With everyday advances in technology, new resources are becoming increasingly available to students. As a working example of this, Ithaca College joined the likes of neighboring Cornell University last December by purchasing its own 3-D printer.
Now, the college’s printer is being used for architectural conservation and archaeological analysis. Both are projects with which students are heavily involved.
There is also another printer on the way: On Sept. 5, Michael “Bodhi” Rogers, associated professor of physics and astronomy, was given approval to buy another 3-D printer. This second printer is both larger and more expensive, costing $6,500, he said.
The printer works through a process called additive manufacturing, which is a means of creating an object by adding material to it layer by layer based on a digital blueprint. However, it can also work in the opposite sense, where a solid block of plastic is placed in the printer and the object is carved out of it, similar to chipping away at a block of ice to make an ice sculpture.
Rogers purchased the printer currently in use, and he and his students are using it for a range of applications, one of which is a collaboration with the anthropology department. Aside from a doctorate in physics, Rogers also has a Master’s Degree in anthropology, and he said he often works at archaeology sites. His interest in the subject has resulted in him collaborating with Jennifer Muller, assistant professor of anthropology, to scan artifacts and other objects found at archaeological sites.
Muller is a forensic anthropologist who studies human remains to examine conditions such as diet, stresses and disease, she said. She is currently participating in a project examining remains from the Erie County Poorhouse in Buffalo, New York, from the 1800s.
Rogers said he and Muller pulled several of the bones and scanned them to see if the scanner can pick up the features needed by Muller to conduct her analysis.

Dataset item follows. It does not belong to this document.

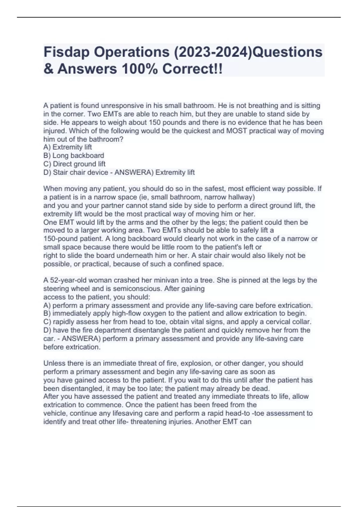 A patient is found unresponsive in his small bathroom. He is not breathing and is sitting in the corner. Two EMTs are able to reach him, but they are unable to stand side by side. He appears to weigh about 150 pounds and there is no evidence that he has been injured. Which of the following would be the quickest and MOST practical way of moving him out of the bathroom? A) Extremity lift B) Long backboard C) Direct ground lift D) Stair chair device - ANSWERA) Extremity lift When moving any patient, you should do so in the safest, most efficient way possible. If a patient is in a narrow space (ie, small bathroom, narrow hallway) and you and your partner cannot stand side by side to perform a direct ground lift, the extremity lift would be the most practical way of moving him or her. One EMT would lift by the arms and the other by the legs; the patient could then be moved to a larger working area. Two EMTs should be able to safely lift a 150-pound patient. A long backboard would clearly not work in the case of a narrow or small space because there would be little room to the patient's left or right to slide the board underneath him or her. A stair chair would also likely not be possible, or practical, because of such a confined space. A 52-year-old woman crashed her minivan into a tree. She is pinned at the legs by the steering wheel and is semiconscious. After gaining access to the patient, you should: A) perform a primary assessment and provide any life-saving care before extrication. B) immediately apply high-flow oxygen to the patient and allow extrication to begin. C) rapidly assess her from head to toe, obtain vital signs, and apply a cervical collar. D) have the fire department disentangle the patient and quickly remove her from the car. - ANSWERA) perform a primary assessment and provide any life-saving care before extrication. Unless there is an immediate threat of fire, explosion, or other danger, you should perform a primary assessment and begin any life-saving care as soon as you have gained access to the patient. If you wait to do this until after the patient has been disentangled, it may be too late; the patient may already be dead. After you have assessed the patient and treated any immediate threats to life, allow extrication to commence. Once the patient has been freed from the vehicle, continue any lifesaving care and perform a rapid head-to -toe assessment to id

Muller said the 3-D printer is highly useful in this instance because the bones Muller and Rogers are scanning need to be re-buried, and she is only permitted to keep them for a limited period of time. Scanning and printing the bones, she said, allows her to study them for as long as she likes while also being very respectful of the remains.
Muller said she believes this to also be a special advantage to students because while old, fragile artifacts cannot be handled, printed copies can be, and this allows students more hands-on learning.
“We can be as descriptive as possible on paper, but there’s nothing like having a replica of the human body,” Muller said.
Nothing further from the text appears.